Незадолго до бегства короля, в мае 1791 года, убежище Марату предоставил один из сочувствующих, некий гравер Маке. Этот господин жил безбедно. Он располагал обширной квартирой и имел сожительницу, тридцатишестилетнюю госпожу Фулез, даму, увлеченную революцией. Она читала «Друга народа», восхищалась стойкостью его редактора, и, когда вдруг сам этот редактор оказался под ее кровлей, она была в полном восторге. Марат очаровал госпожу Фулез. Она стала выполнять разные его поручения, играла роль связной с типографией, с кафе на улице Капнет и наконец как-то в отсутствие Маке, уехавшего на несколько дней из Парижа, призналась своему кумиру, что жизнь ее с гравером очень тяжела, что Маке мучит ее и утесняет и что она желала бы с ним порвать. Марат, чуткий ко всякой несправедливости, горячо принял сторону обиженной и обещал ей помощь. Когда приехал Маке, разразился страшный скандал. Разъяренный гравер выгнал госпожу Фулез (не говоря уже о Марате), оставив ее без средств к существованию. Марат, которому и своих дел в это время было по горло, выступил на страницах «Друга народа» в защиту госпожи Фулез, а досужие интриганы не преминули создать вокруг этого случая очередную амурную историю…

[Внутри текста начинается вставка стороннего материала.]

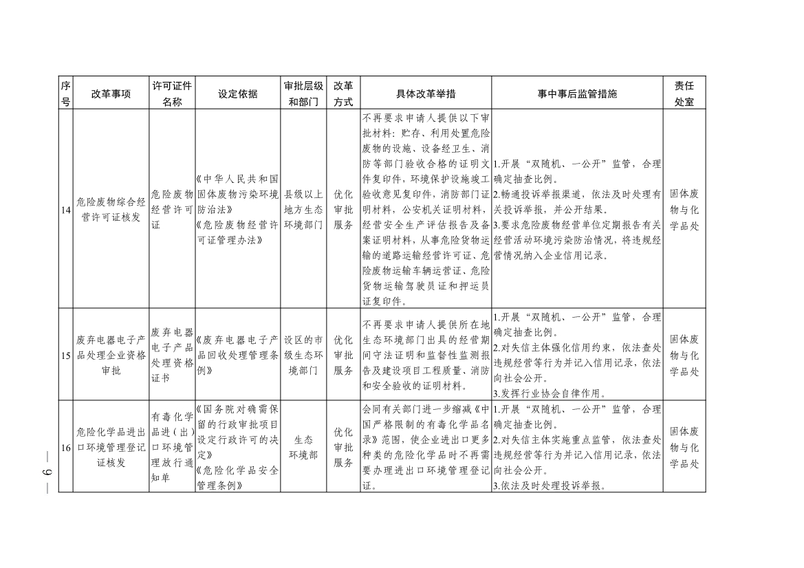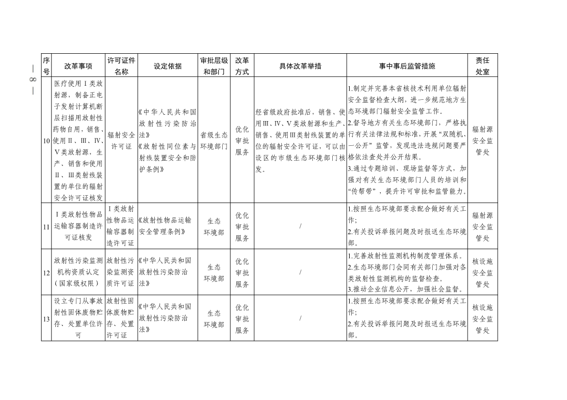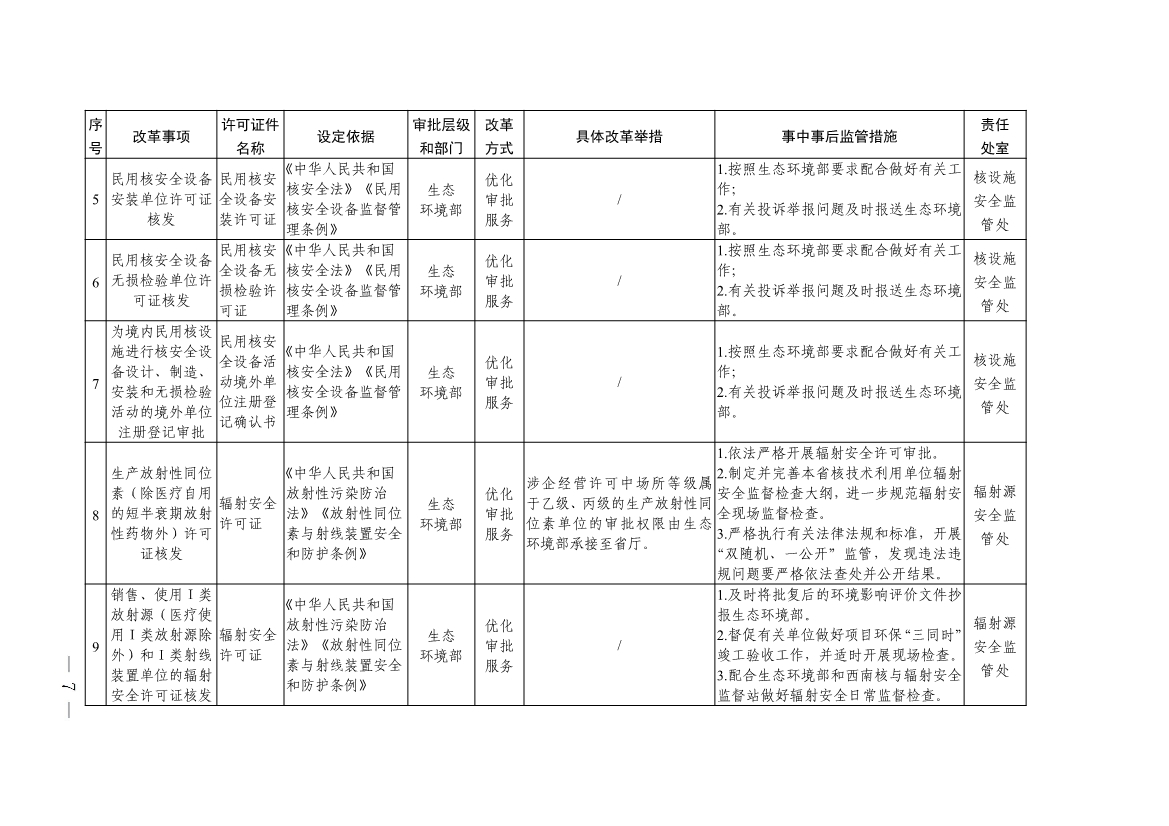(一)直接取消審批。在全省范圍內(nèi)對(duì)“放射性污染監(jiān)測(cè)機(jī)構(gòu)資質(zhì)認(rèn)定(省級(jí)權(quán)限)”直接取消審批。取消審批后,取得相應(yīng)計(jì)量認(rèn)證資質(zhì)的檢驗(yàn)檢測(cè)機(jī)構(gòu)即可從事核技術(shù)利用建設(shè)項(xiàng)目輻射監(jiān)測(cè)工作,無(wú)需重復(fù)取得生態(tài)環(huán)境廳的批準(zhǔn),行政機(jī)關(guān)、企事業(yè)單位、行業(yè)組織亦不得要求企業(yè)提供相關(guān)認(rèn)定和批準(zhǔn)文件。(二)優(yōu)化審批服務(wù)。將“生產(chǎn)放射性同位素(除醫(yī)療自用的短半衰期放射性藥物外)許可證核發(fā)”涉企經(jīng)營(yíng)許可中場(chǎng)所等級(jí)屬于乙級(jí)、丙級(jí)的生產(chǎn)放射性同位素單位的審批權(quán)限由生態(tài)環(huán)境部承接至省廳?!搬t(yī)療使用I類(lèi)放射源,制備正電子發(fā)射計(jì)算機(jī)斷層掃描用放射性藥物自用,銷(xiāo)售、使用II、III、IV、V類(lèi)放射源,生產(chǎn)、銷(xiāo)售和使用II、III類(lèi)射線裝置的單位的輻射安全許可證核發(fā)”涉企經(jīng)營(yíng)許可中銷(xiāo)售、使用III、IV、V類(lèi)放射源和生產(chǎn)、銷(xiāo)售、使用III類(lèi)射線裝置的單位的輻射安全許可證,經(jīng)省級(jí)政府批準(zhǔn)后,下放至設(shè)區(qū)的市級(jí)生態(tài)環(huán)境部門(mén)核發(fā)。對(duì)“排污許可”“危險(xiǎn)廢物綜合經(jīng)營(yíng)許可證核發(fā)”“廢棄電器電子產(chǎn)品處理企業(yè)資格審批”涉企經(jīng)營(yíng)事項(xiàng),精簡(jiǎn)申請(qǐng)材料,加強(qiáng)信息共享,提高審批效率。

Однако всем историям и сплетням разом наступил конец, как только появилась Симонна. До рокового дня 13 июля 1793 года она была безупречной подругой, верным помощником, преданным соратником-борцом. А потом, еще долгие тридцать один год, до самой смерти, она достойно носила гордое звание «вдовы Марата», и никакие личные соображения, никакие политические катаклизмы, перемены правительств и режимов, которыми так щедро баловала нас судьба в послереволюционные годы, не могли лишить ее этой гордости и верности человеку, остававшемуся для нее единственным и вечным.
* * *
Их было три сестры: Симонна, Катерина и Этьеннетта.

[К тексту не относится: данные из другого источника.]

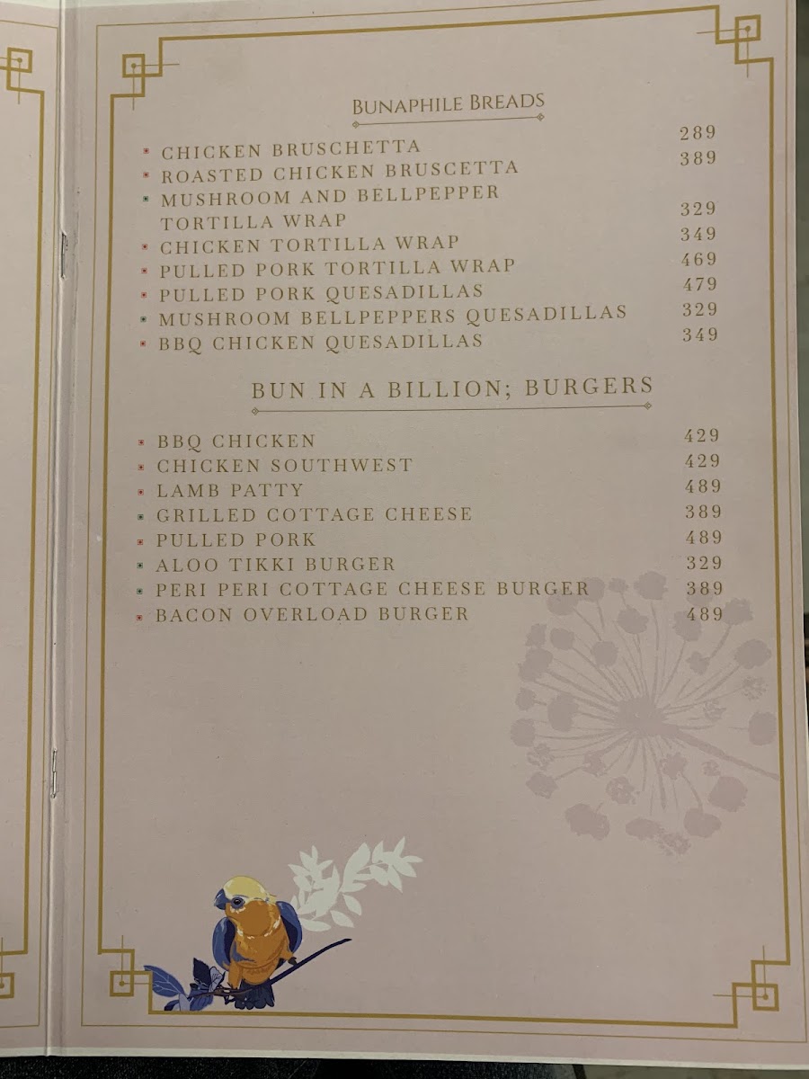 The menu celebrates all-day breakfast with delightful offerings like the English Breakfast (₹429) and the indulgent Bunaphile Special Breakfast (₹449). For those craving something heartier, the non-veg main courses shine with dishes like Chicken Ala Kiev (₹489) and Mushroom and Chicken Risotto (₹429).

Они выросли в Турню, без матери. Рано овдовевший отец, простой плотник, заботился о них, как умел, и, несмотря на постоянную нужду, сумел всех троих обучить грамоте. Когда он умер, девушки уехали на заработки в столицу. Свою самостоятельную жизнь Симонна начала в прачечной, потом устроилась на часовую фабрику. Катерина вскоре вышла замуж за рабочего-печатника. Все жили вместе, дружной трудовой семьей, в доме номер 243 по улице Сент-Оноре.

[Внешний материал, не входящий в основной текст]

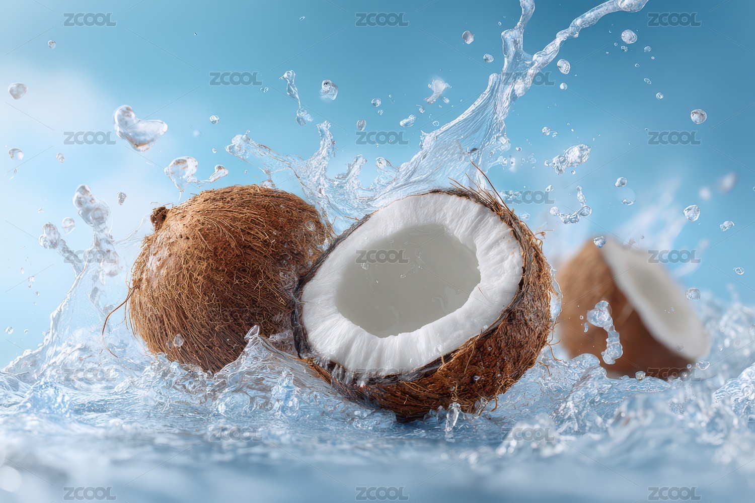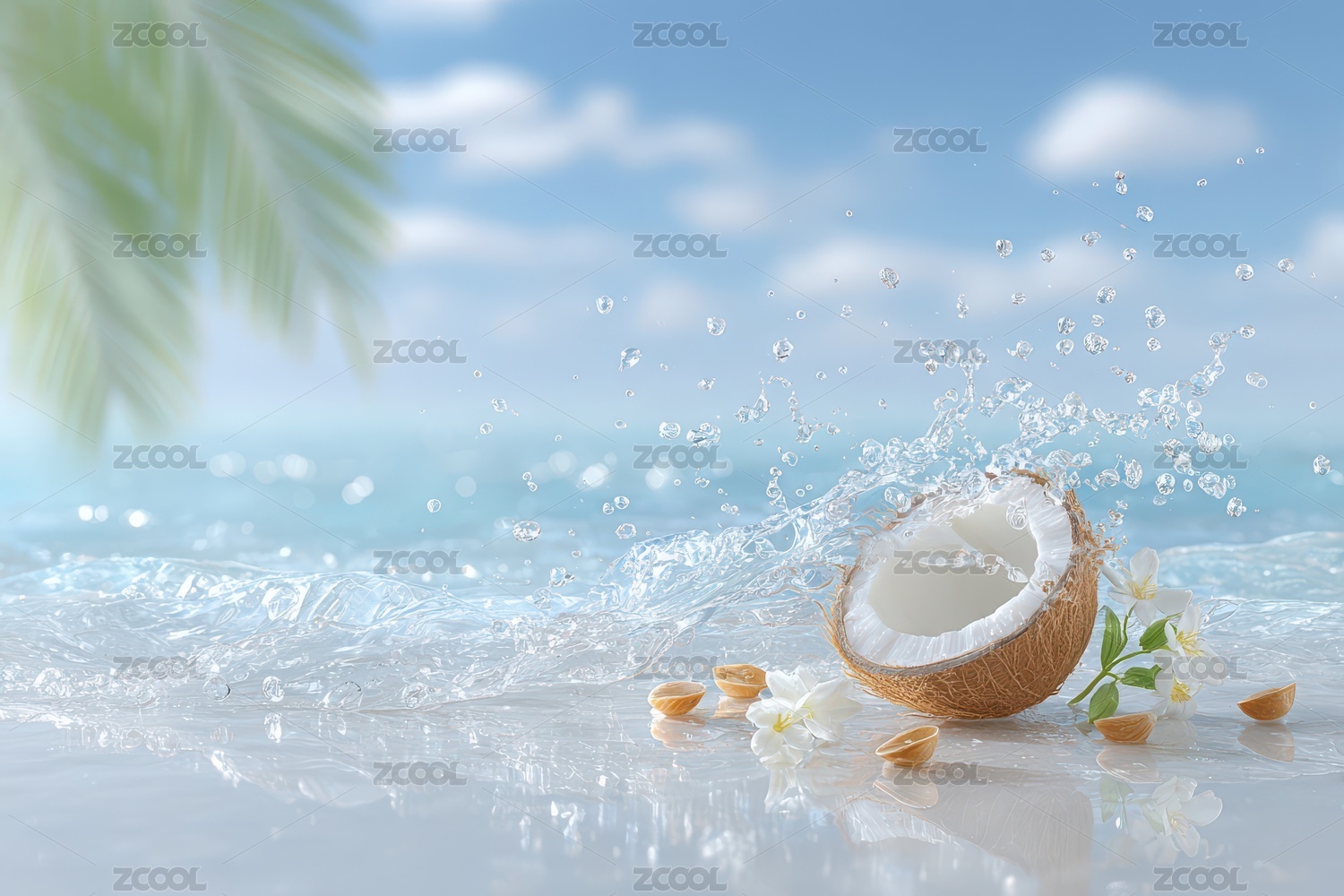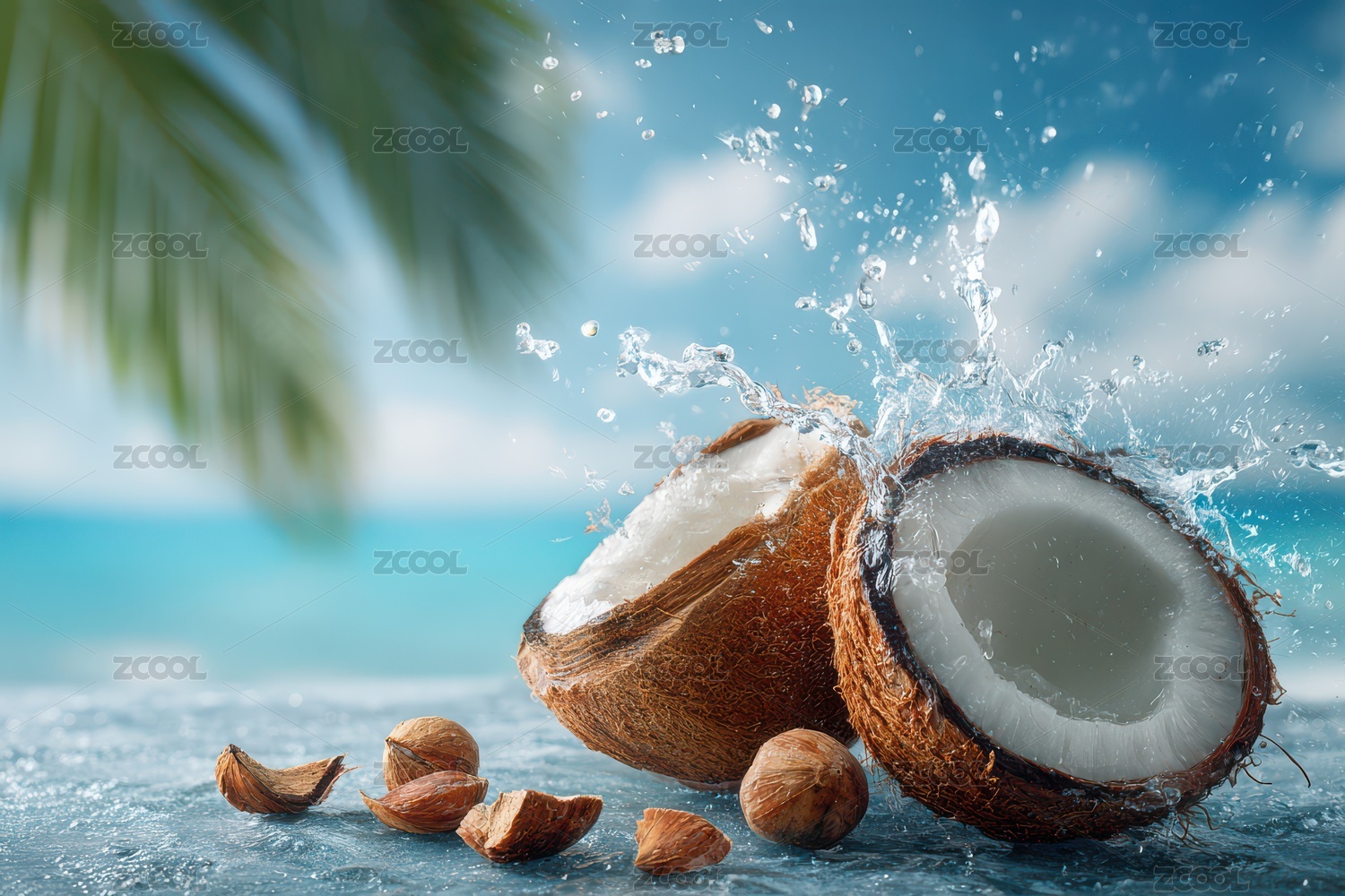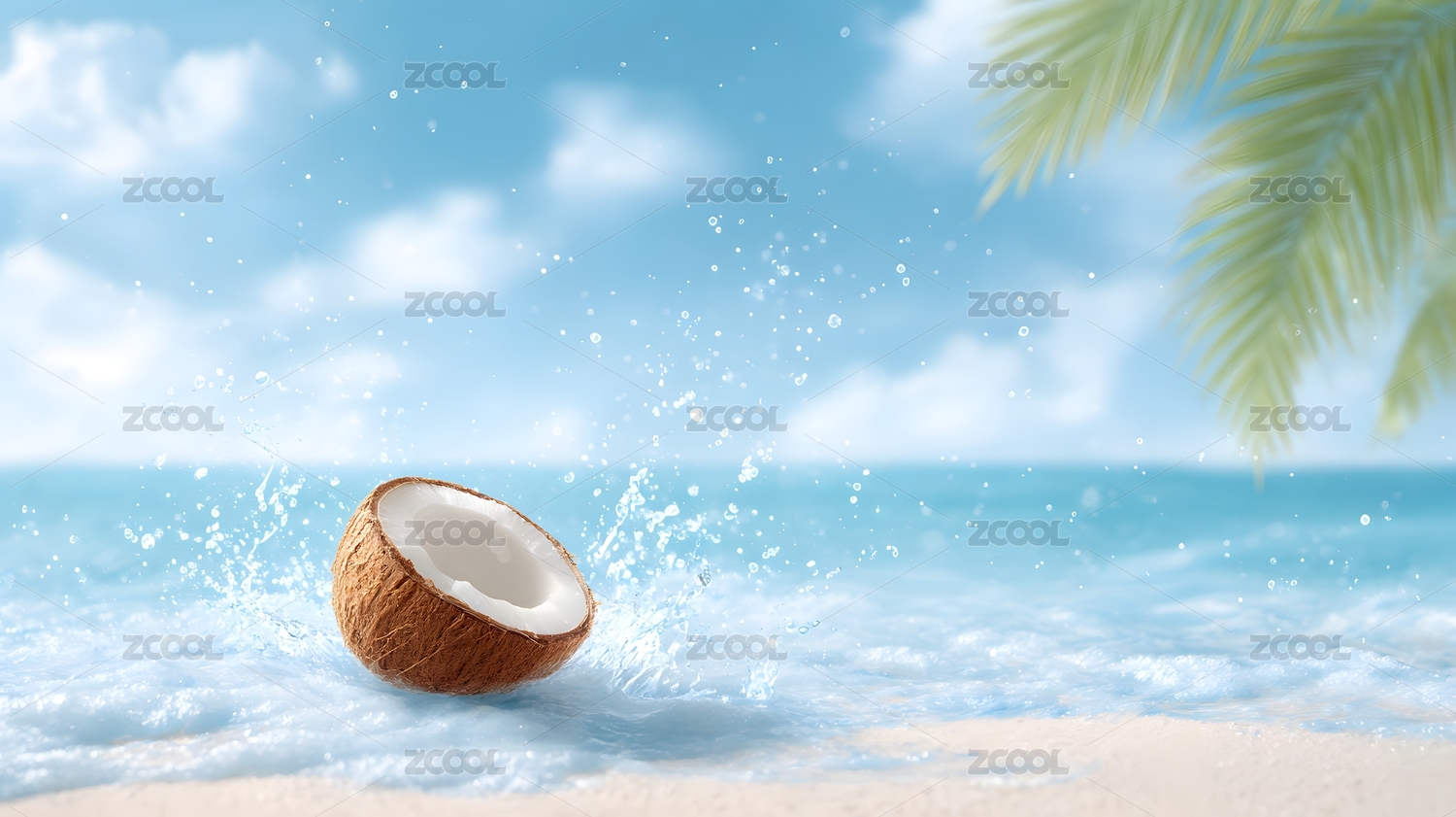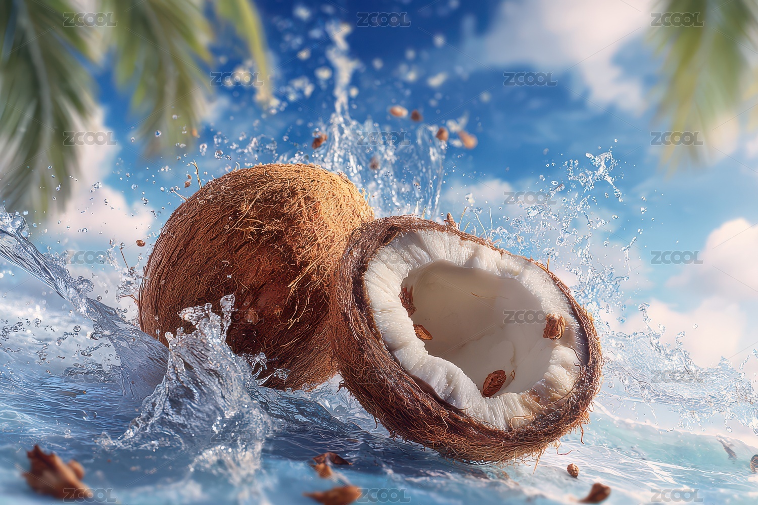 背景,绿叶,清新,椰子,水花,瞬间,蓝天,裂开,海面

В 1790 году муж Катерины работал в типографии, печатавшей «Друга народа». Тогда-то Марат и познакомился с сестрами. Они разделяли его взгляды, стремились помочь, чем могли; когда же началась его жизнь изгоя, он часто находил убежище и стол в их доме.
Симонна рассказывала мне, что полюбила с первого взгляда. Но она долго старалась не выдать своего чувства, Марат же ничего не замечал или опасался поверить тому, что замечал: ему, уже немолодому, больному человеку, так мало следящему за своей внешностью, бездомному, гонимому нуждой и врагами, казалось невероятным, чтобы красивая молодая девушка, которой он годился в отцы, могла испытывать к нему что-либо, кроме брезгливой жалости…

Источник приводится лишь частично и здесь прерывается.